*Exercise brief:* Skip the pictures and retype exactly the lines from the one holding "Blora, ME- Menyambut" through the end of the entries.

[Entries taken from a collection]
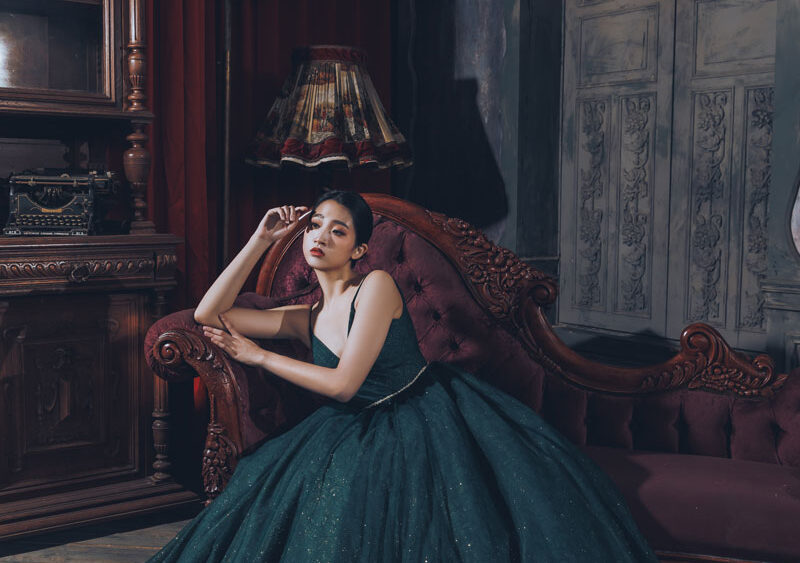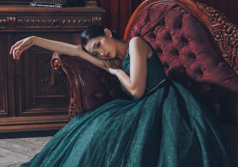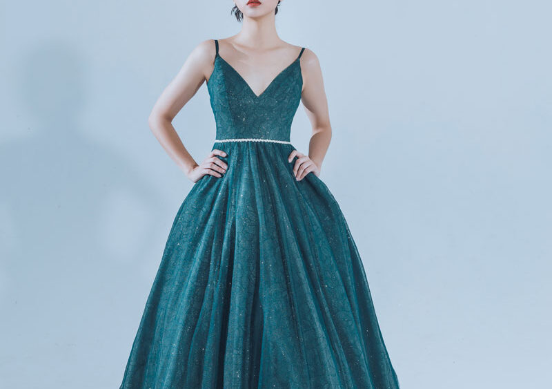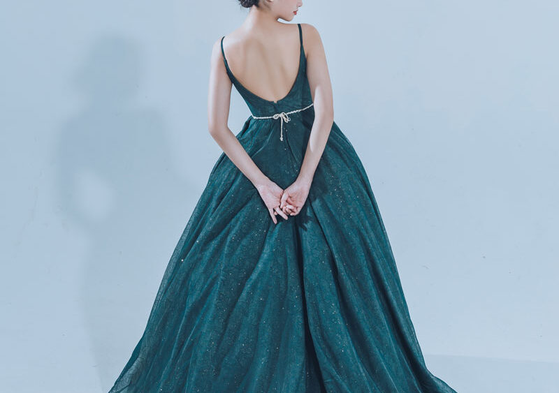 MF WEDDING 晚禮服系列 | 細肩帶孔雀石綠禮服
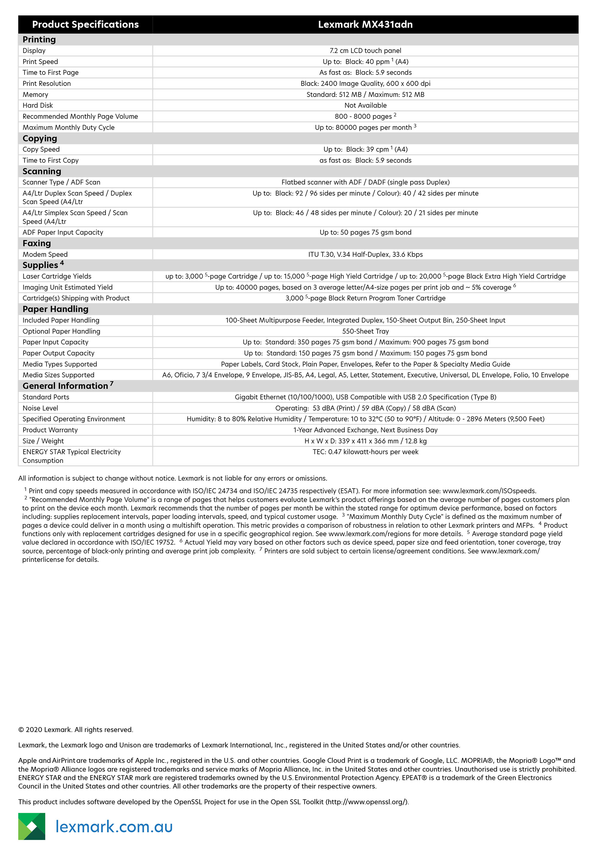 Lexmark MX431adn A4 Mono MF Printer mx431adn
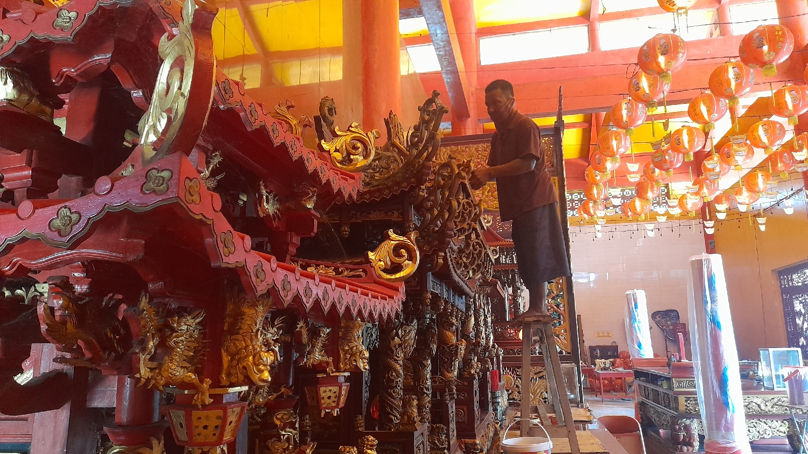 Blora, ME- Menyambut tahun baru imlek 2575, Warga konghuchu di Blora Jawa tengah mulai melakukan bersih-bersih klenteng Hok Tik Bio, Minggu (4/2). Kegiatan dilakukan dengan membersihkan patung-patung dewa serta mengayak abu leluhur.
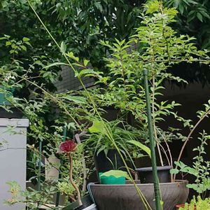 今日の ~モッコウバラ~ 花が終わりかけた頃 剪定して✂️不要な芽は摘みました。 with. . ...… 左💦からスモモ 挿し芽で増やしてるキンギョソウ エキナセア(緑色の鉢) モッコウバラの株元には種ばら蒔きwオダマキと子宝草 オダマキは今年出た芽🌱なので再来年くらいに咲くかな~ …の前に間引き💦
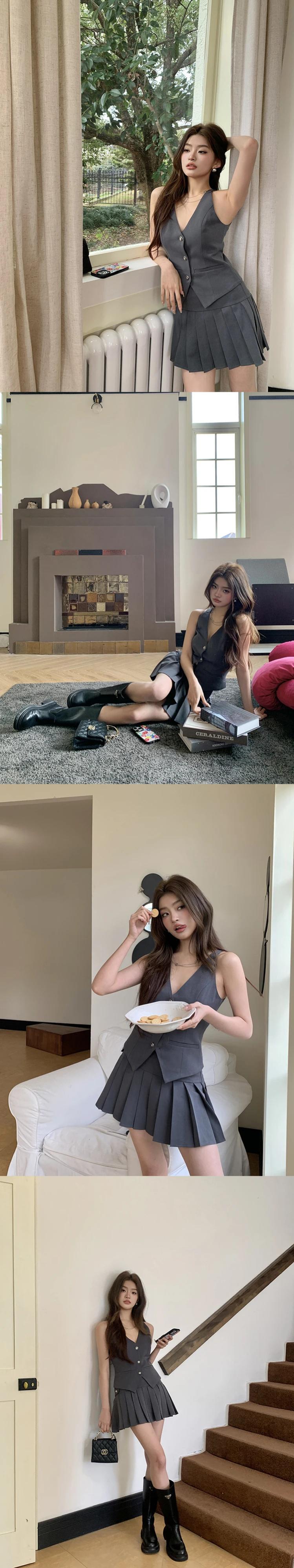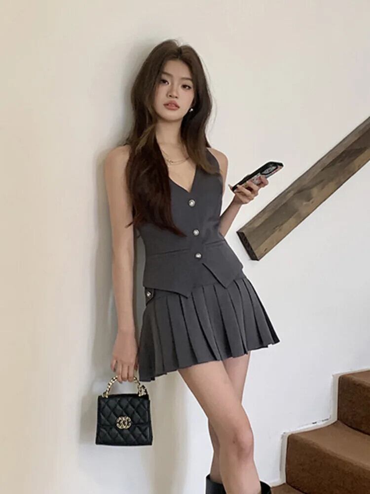 OL スモールフレグランス 2 ピースセット衣装ベストトップス + プリーツスカートセット夏ツーピーススーツ サマー 夏物

*Task solution:*
 Blora, ME- Menyambut tahun baru imlek 2575, Warga konghuchu di Blora Jawa tengah mulai melakukan bersih-bersih klenteng Hok Tik Bio, Minggu (4/2). Kegiatan dilakukan dengan membersihkan patung-patung dewa serta mengayak abu leluhur.
 今日の ~モッコウバラ~ 花が終わりかけた頃 剪定して✂️不要な芽は摘みました。 with. . ...… 左💦からスモモ 挿し芽で増やしてるキンギョソウ エキナセア(緑色の鉢) モッコウバラの株元には種ばら蒔きwオダマキと子宝草 オダマキは今年出た芽🌱なので再来年くらいに咲くかな~ …の前に間引き💦
 OL スモールフレグランス 2 ピースセット衣装ベストトップス + プリーツスカートセット夏ツーピーススーツ サマー 夏物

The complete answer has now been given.